== DATASET EXTRACT ==

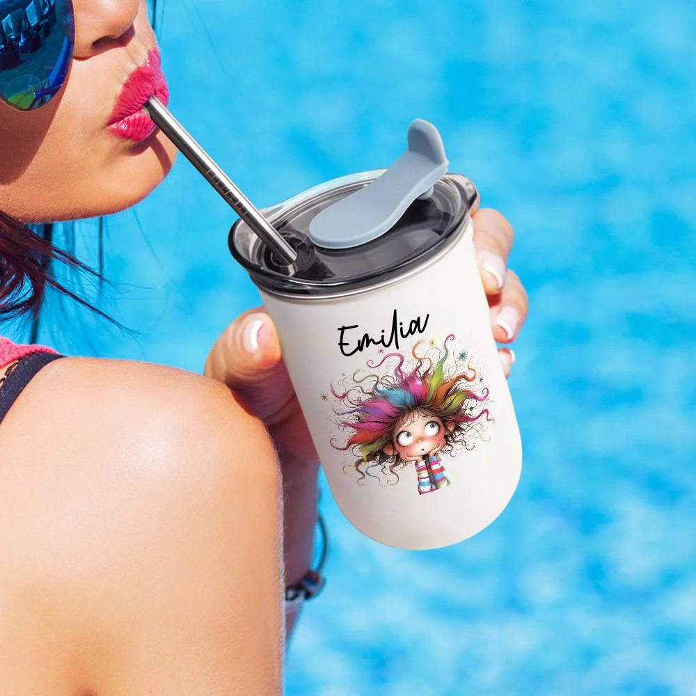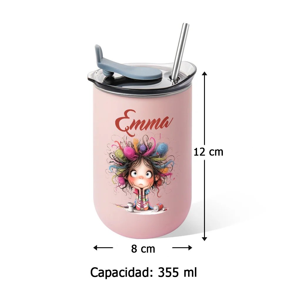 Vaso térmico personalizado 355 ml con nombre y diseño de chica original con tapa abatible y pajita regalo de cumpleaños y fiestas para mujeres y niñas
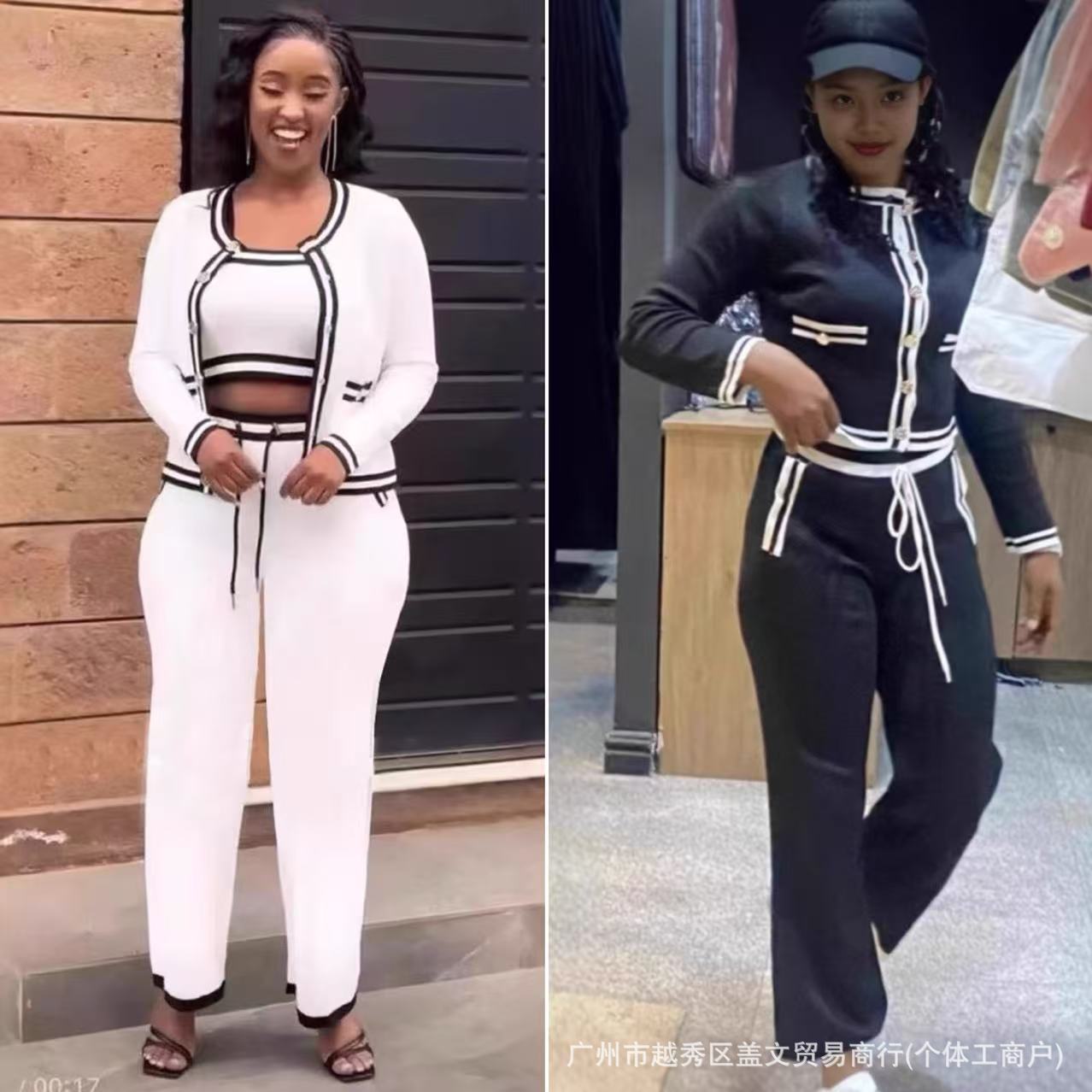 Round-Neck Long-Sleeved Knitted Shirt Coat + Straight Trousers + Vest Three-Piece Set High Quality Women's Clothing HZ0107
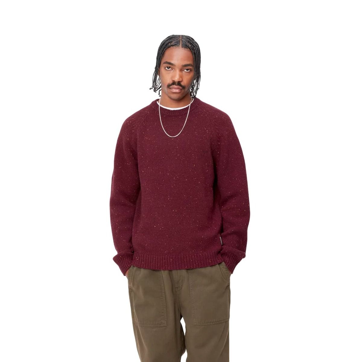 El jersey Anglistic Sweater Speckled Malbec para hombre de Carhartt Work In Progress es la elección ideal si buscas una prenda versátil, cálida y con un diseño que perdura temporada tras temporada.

===

Give back the material above exactly as written, but omit the images.

ANSWER AREA:
 Vaso térmico personalizado 355 ml con nombre y diseño de chica original con tapa abatible y pajita regalo de cumpleaños y fiestas para mujeres y niñas
 Round-Neck Long-Sleeved Knitted Shirt Coat + Straight Trousers + Vest Three-Piece Set High Quality Women's Clothing HZ0107
 El jersey Anglistic Sweater Speckled Malbec para hombre de Carhartt Work In Progress es la elección ideal si buscas una prenda versátil, cálida y con un diseño que perdura temporada tras temporada.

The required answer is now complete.